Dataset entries

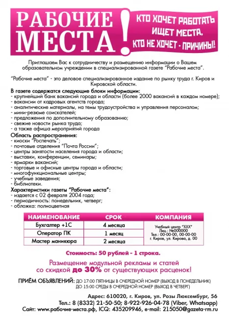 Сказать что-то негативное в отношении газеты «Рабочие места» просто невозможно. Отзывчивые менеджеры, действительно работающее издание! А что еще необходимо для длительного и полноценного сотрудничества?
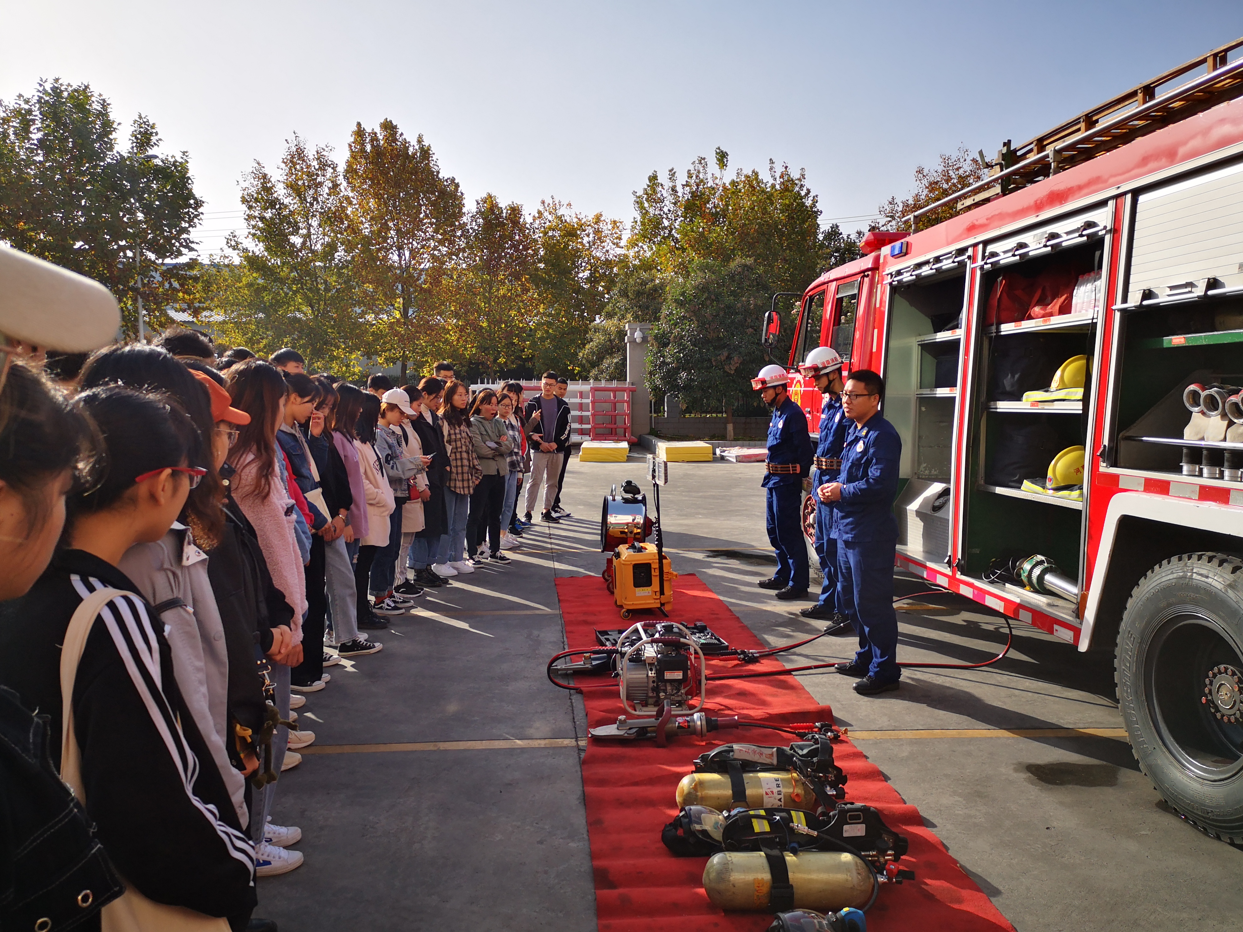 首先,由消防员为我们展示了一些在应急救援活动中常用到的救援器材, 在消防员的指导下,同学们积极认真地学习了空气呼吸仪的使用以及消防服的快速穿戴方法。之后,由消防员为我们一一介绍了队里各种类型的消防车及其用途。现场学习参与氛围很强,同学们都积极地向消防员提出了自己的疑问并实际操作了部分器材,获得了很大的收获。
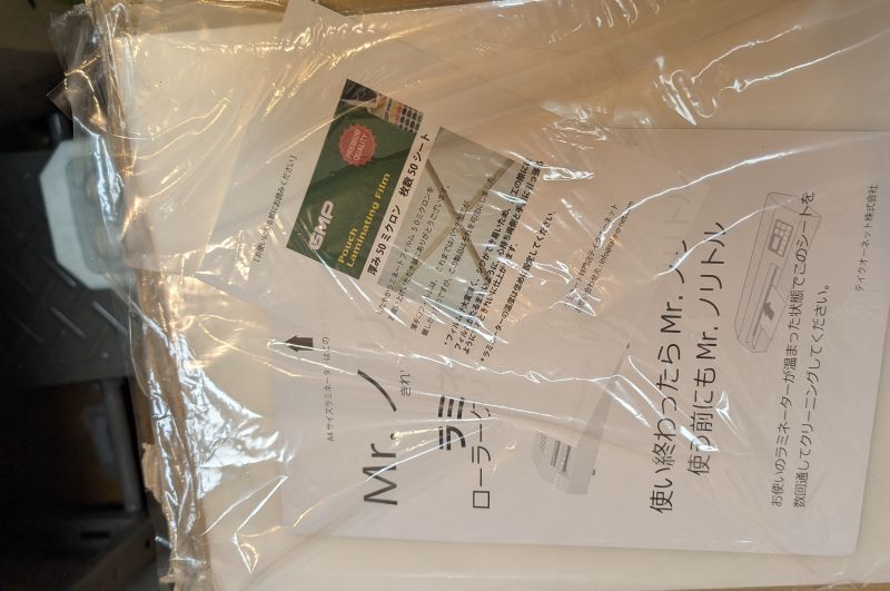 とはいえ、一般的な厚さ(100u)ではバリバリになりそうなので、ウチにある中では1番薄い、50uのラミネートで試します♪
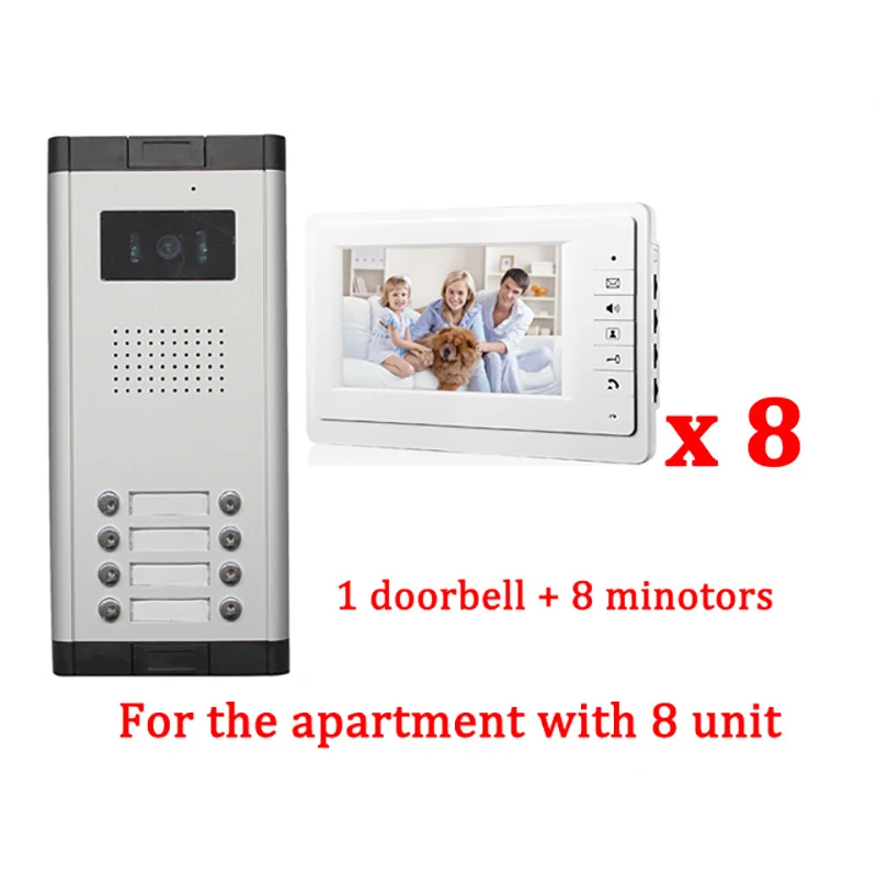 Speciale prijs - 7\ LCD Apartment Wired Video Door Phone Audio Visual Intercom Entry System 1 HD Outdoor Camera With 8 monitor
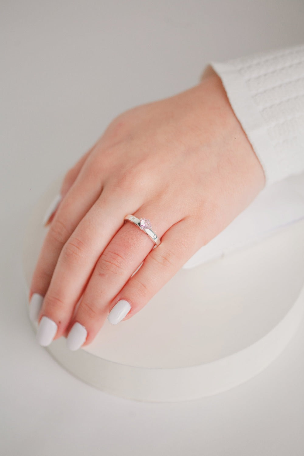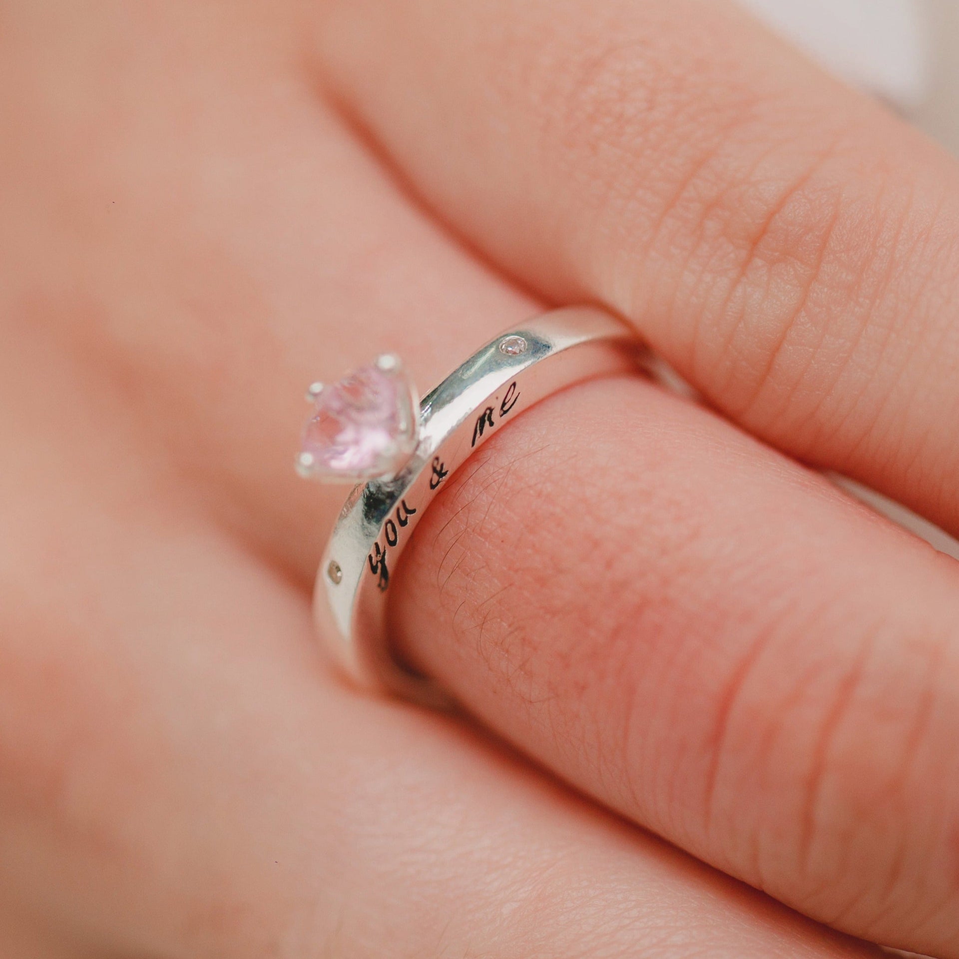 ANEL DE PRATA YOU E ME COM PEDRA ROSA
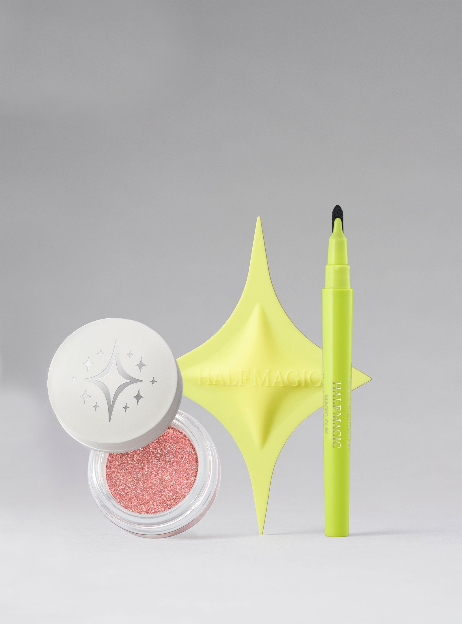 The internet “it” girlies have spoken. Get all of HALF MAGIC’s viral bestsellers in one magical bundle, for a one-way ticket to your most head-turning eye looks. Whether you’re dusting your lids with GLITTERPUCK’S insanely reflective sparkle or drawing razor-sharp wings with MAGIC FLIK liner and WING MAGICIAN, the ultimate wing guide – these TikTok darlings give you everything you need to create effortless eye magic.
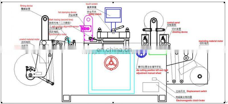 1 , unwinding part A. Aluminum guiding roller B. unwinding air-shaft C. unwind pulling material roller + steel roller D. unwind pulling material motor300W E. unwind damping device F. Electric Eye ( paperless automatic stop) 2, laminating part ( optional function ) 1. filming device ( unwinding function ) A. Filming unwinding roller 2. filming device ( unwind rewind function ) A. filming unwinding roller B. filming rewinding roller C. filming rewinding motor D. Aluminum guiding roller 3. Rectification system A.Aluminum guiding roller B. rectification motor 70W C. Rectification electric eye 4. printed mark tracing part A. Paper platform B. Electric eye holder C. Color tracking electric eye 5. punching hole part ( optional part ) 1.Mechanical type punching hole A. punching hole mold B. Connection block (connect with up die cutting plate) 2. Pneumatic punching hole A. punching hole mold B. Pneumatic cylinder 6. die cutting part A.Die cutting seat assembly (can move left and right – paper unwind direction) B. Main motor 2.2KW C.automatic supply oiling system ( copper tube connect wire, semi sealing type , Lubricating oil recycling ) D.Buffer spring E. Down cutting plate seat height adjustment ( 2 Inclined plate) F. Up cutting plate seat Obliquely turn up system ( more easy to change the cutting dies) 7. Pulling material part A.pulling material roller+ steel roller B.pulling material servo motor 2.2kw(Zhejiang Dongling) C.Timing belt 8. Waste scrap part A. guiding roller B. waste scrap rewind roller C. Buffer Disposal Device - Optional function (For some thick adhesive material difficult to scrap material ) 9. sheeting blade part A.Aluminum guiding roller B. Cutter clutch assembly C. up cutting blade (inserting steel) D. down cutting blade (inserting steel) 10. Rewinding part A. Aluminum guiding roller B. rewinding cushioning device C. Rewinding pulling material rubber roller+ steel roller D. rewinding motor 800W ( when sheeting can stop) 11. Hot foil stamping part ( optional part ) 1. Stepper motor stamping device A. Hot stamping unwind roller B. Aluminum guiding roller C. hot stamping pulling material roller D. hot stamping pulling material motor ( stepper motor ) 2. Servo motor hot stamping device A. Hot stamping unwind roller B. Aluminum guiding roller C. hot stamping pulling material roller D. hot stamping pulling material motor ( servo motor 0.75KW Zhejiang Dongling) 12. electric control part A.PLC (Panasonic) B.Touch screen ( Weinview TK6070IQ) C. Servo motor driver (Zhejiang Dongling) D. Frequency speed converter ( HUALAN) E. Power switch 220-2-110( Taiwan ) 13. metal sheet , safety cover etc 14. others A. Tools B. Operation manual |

**Try it:** Restate all entries exactly; pictures stay out.

**Completed task:**
 Сказать что-то негативное в отношении газеты «Рабочие места» просто невозможно. Отзывчивые менеджеры, действительно работающее издание! А что еще необходимо для длительного и полноценного сотрудничества?
 首先,由消防员为我们展示了一些在应急救援活动中常用到的救援器材, 在消防员的指导下,同学们积极认真地学习了空气呼吸仪的使用以及消防服的快速穿戴方法。之后,由消防员为我们一一介绍了队里各种类型的消防车及其用途。现场学习参与氛围很强,同学们都积极地向消防员提出了自己的疑问并实际操作了部分器材,获得了很大的收获。
 とはいえ、一般的な厚さ(100u)ではバリバリになりそうなので、ウチにある中では1番薄い、50uのラミネートで試します♪
 Speciale prijs - 7\ LCD Apartment Wired Video Door Phone Audio Visual Intercom Entry System 1 HD Outdoor Camera With 8 monitor
 ANEL DE PRATA YOU E ME COM PEDRA ROSA
 The internet “it” girlies have spoken. Get all of HALF MAGIC’s viral bestsellers in one magical bundle, for a one-way ticket to your most head-turning eye looks. Whether you’re dusting your lids with GLITTERPUCK’S insanely reflective sparkle or drawing razor-sharp wings with MAGIC FLIK liner and WING MAGICIAN, the ultimate wing guide – these TikTok darlings give you everything you need to create effortless eye magic.
 1 , unwinding part A. Aluminum guiding roller B. unwinding air-shaft C. unwind pulling material roller + steel roller D. unwind pulling material motor300W E. unwind damping device F. Electric Eye ( paperless automatic stop) 2, laminating part ( optional function ) 1. filming device ( unwinding function ) A. Filming unwinding roller 2. filming device ( unwind rewind function ) A. filming unwinding roller B. filming rewinding roller C. filming rewinding motor D. Aluminum guiding roller 3. Rectification system A.Aluminum guiding roller B. rectification motor 70W C. Rectification electric eye 4. printed mark tracing part A. Paper platform B. Electric eye holder C. Color tracking electric eye 5. punching hole part ( optional part ) 1.Mechanical type punching hole A. punching hole mold B. Connection block (connect with up die cutting plate) 2. Pneumatic punching hole A. punching hole mold B. Pneumatic cylinder 6. die cutting part A.Die cutting seat assembly (can move left and right – paper unwind direction) B. Main motor 2.2KW C.automatic supply oiling system ( copper tube connect wire, semi sealing type , Lubricating oil recycling ) D.Buffer spring E. Down cutting plate seat height adjustment ( 2 Inclined plate) F. Up cutting plate seat Obliquely turn up system ( more easy to change the cutting dies) 7. Pulling material part A.pulling material roller+ steel roller B.pulling material servo motor 2.2kw(Zhejiang Dongling) C.Timing belt 8. Waste scrap part A. guiding roller B. waste scrap rewind roller C. Buffer Disposal Device - Optional function (For some thick adhesive material difficult to scrap material ) 9. sheeting blade part A.Aluminum guiding roller B. Cutter clutch assembly C. up cutting blade (inserting steel) D. down cutting blade (inserting steel) 10. Rewinding part A. Aluminum guiding roller B. rewinding cushioning device C. Rewinding pulling material rubber roller+ steel roller D. rewinding motor 800W ( when sheeting can stop) 11. Hot foil stamping part ( optional part ) 1. Stepper motor stamping device A. Hot stamping unwind roller B. Aluminum guiding roller C. hot stamping pulling material roller D. hot stamping pulling material motor ( stepper motor ) 2. Servo motor hot stamping device A. Hot stamping unwind roller B. Aluminum guiding roller C. hot stamping pulling material roller D. hot stamping pulling material motor ( servo motor 0.75KW Zhejiang Dongling) 12. electric control part A.PLC (Panasonic) B.Touch screen ( Weinview TK6070IQ) C. Servo motor driver (Zhejiang Dongling) D. Frequency speed converter ( HUALAN) E. Power switch 220-2-110( Taiwan ) 13. metal sheet , safety cover etc 14. others A. Tools B. Operation manual |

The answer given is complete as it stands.